The world's darkening never reaches
     to the light of Being.

We are too late for the gods and too
     early for Being. Being's poem,
     just begun, is man.

To head toward a star--this only.

To think is to confine yourself to a
     single thought that one day stands
     still like a star in the world's sky.

He peered into one of the early doorways to existentialism, which others would have to walk through later. He trusted groceries more than God, or at least in language's ability to get to the former.

Thought and language. Together they can guide you through the supermarket, contemplate Being, or leave you just shy of God. What is it that gets us beyond? If you asked either Rollins or Heidegger, I think they'd all disagree.

Only one of them can play the sax.

Friday, January 14, 2011

"Saying what I mean to say"


Friend, sometimes the wind's scuttle makes the reeds
In the body vibrate. Sometimes the noise gives up its code
And the music is better at saying what I mean to say.
--Terrance Hayes

And how. How many times have I wished for the right note to convey what I am after. Or the right brushstroke. Writing, stepchild of the arts, is what you have left if you can't draw or sing or play music or dance. It takes home the least primal award.

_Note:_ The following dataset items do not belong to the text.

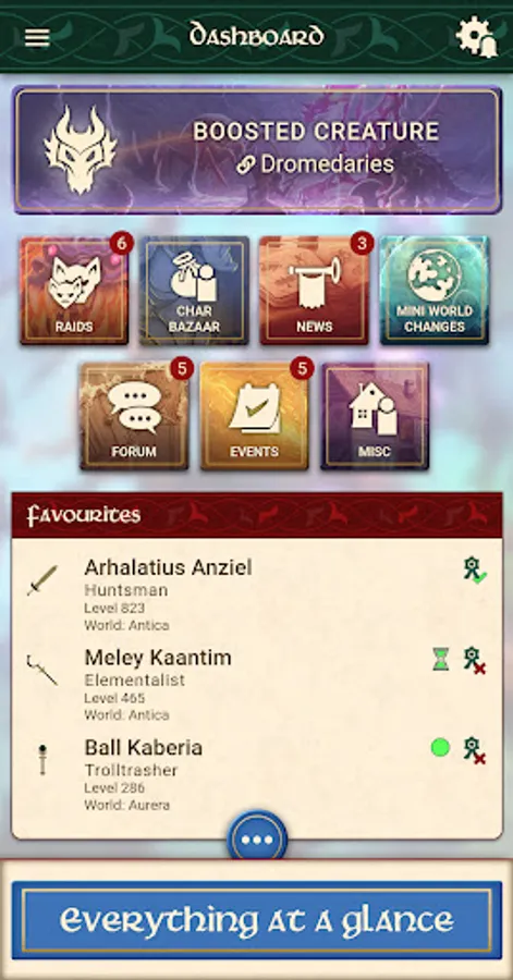 MONITOR MINI WORLD CHANGES AND FORUM POSTS: The app is able to scan the game for mini world changes relevant to you. It can also notify you of answers to your posts on tibia.com.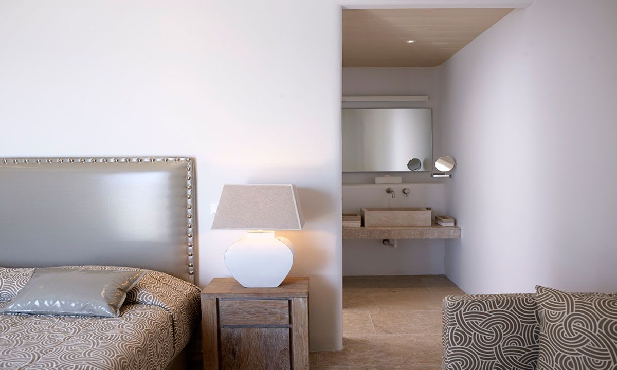 Luxury Villa Oceanides 1 is one of the biggest rental properties in Mykonos offering luxurious accommodation for 16 guests in its 8 guest bedrooms with their en suite bathrooms.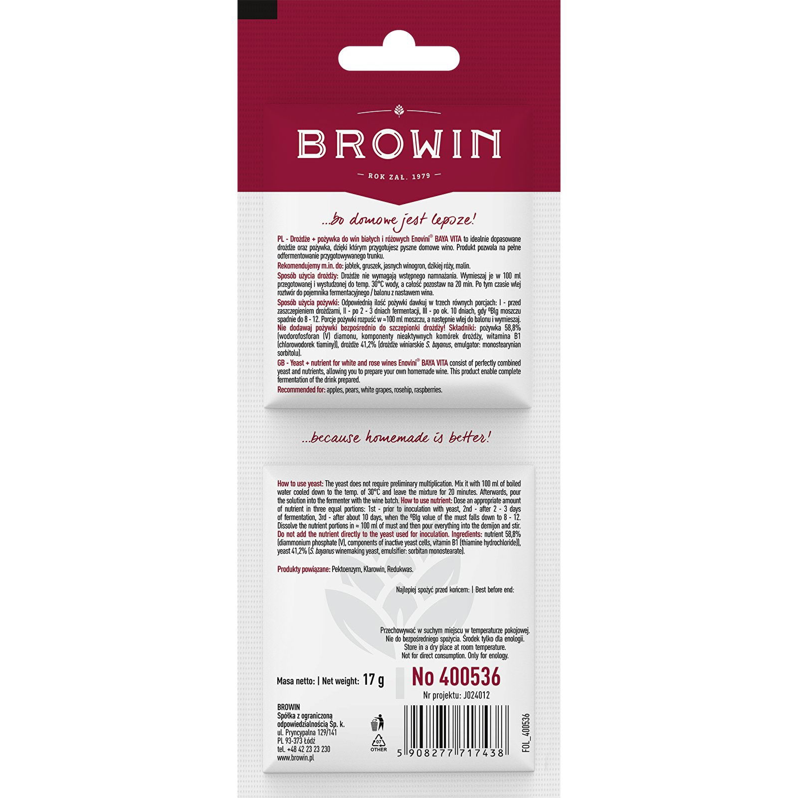 Drożdże + pożywka do win białych i różowych Enovini® BAYA VITA to idealnie dopasowane drożdże Saccharomyces Bayanus oraz pożywka, dzięki którym przygotujesz swoje domowe wino. Produkt pozwala na pełne odfermentowanie przygotowywanego trunku. Istotne cechy: • Gramatura 7 g drożdży + 10 g pożywki • Na 10-25 L nastawu • Idealne do win m.in. z jabłek, gruszek, jasnych winogron, dzikiej róży, malin Sposób użycia: Drożdże nie wymagają wstępnego namnażania. Wymieszaj je w 100 ml przegotowanej i wystudzonej do temp. 30 °C wody, a następnie całość pozostaw na 20 min. Po tym czasie wlej roztwór do pojemnika fermentacyjnego/balonu z nastawem wina. Odpowiednią ilość pożywki (1 g pożywki/1,5-2,5 L moszczu) dawkuj w trzech równych porcjach: I - przed zaszczepieniem drożdżami, II - po 2-3 dniach fermentacji, III - po ok. 10 dniach, gdy ° Blg moszczu spadnie do 8-12. Porcje pożywki rozpuść w 100 ml moszczu, a następie wlej do pojemnika/balonu i wymieszaj. Nie dodawaj pożywki bezpośrednio do szczepionki drożdży! Składniki: pożywka 58,8% (wodorofosforan (V) diamonu, komponenty nieaktywnych komórek drożdży, witamina B1 (chlorowodorek tiaminy)), drożdże 41,2% (drożdże winiarskie S. bayanus, emulgator: monostearynian sorbitolu). Masa netto: 17 g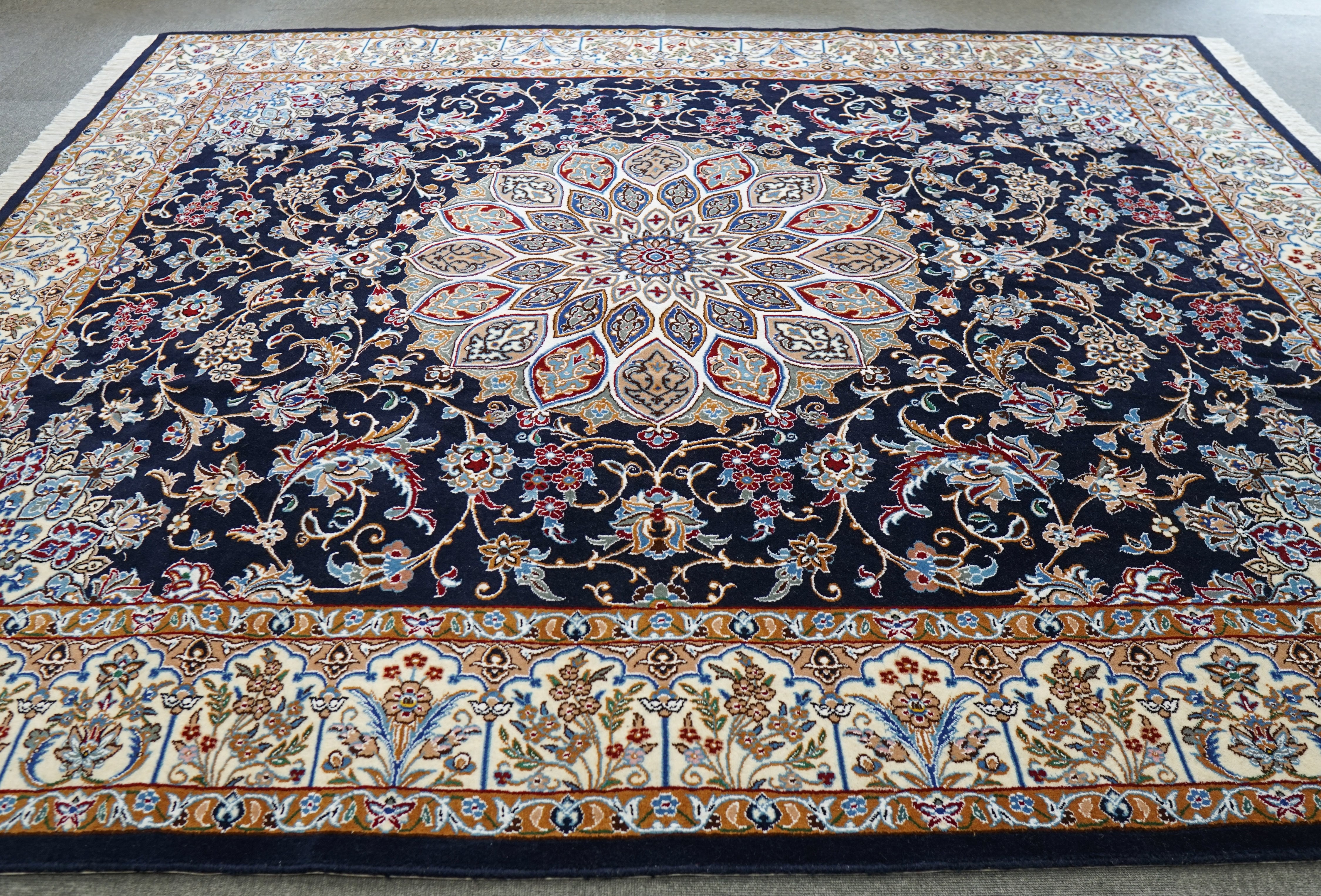 ペルシャ ナイン産の手織り絨毯。生まれて1年以内の子羊から刈り取った貴重なコールクウールで織り上げた大変柔らかい絨毯です。手織り絨毯の特性でもある、毛流れの向きによって色味が異なって見える面白さも存分に味わえる仕上がりになっています。

I've been listening to Robert Johnson and Son House and Blind Willie Johnson of late. Those cats could sing and play nursery rhymes and still move you to tears or reverie.

Language must have been born out of frustration. Why can't he/she understand? How come they don't get it? How can I make them know? How can I make them see me? And words grew and attached themselves to things and concepts and actions through consent and a hope that we were speaking their true names.

Maybe I am glad for this frustration after all. This need for language and to find the right words--to invent them if need be. The struggle to say it precisely.

Maybe. But sometimes I'd still give music the nod.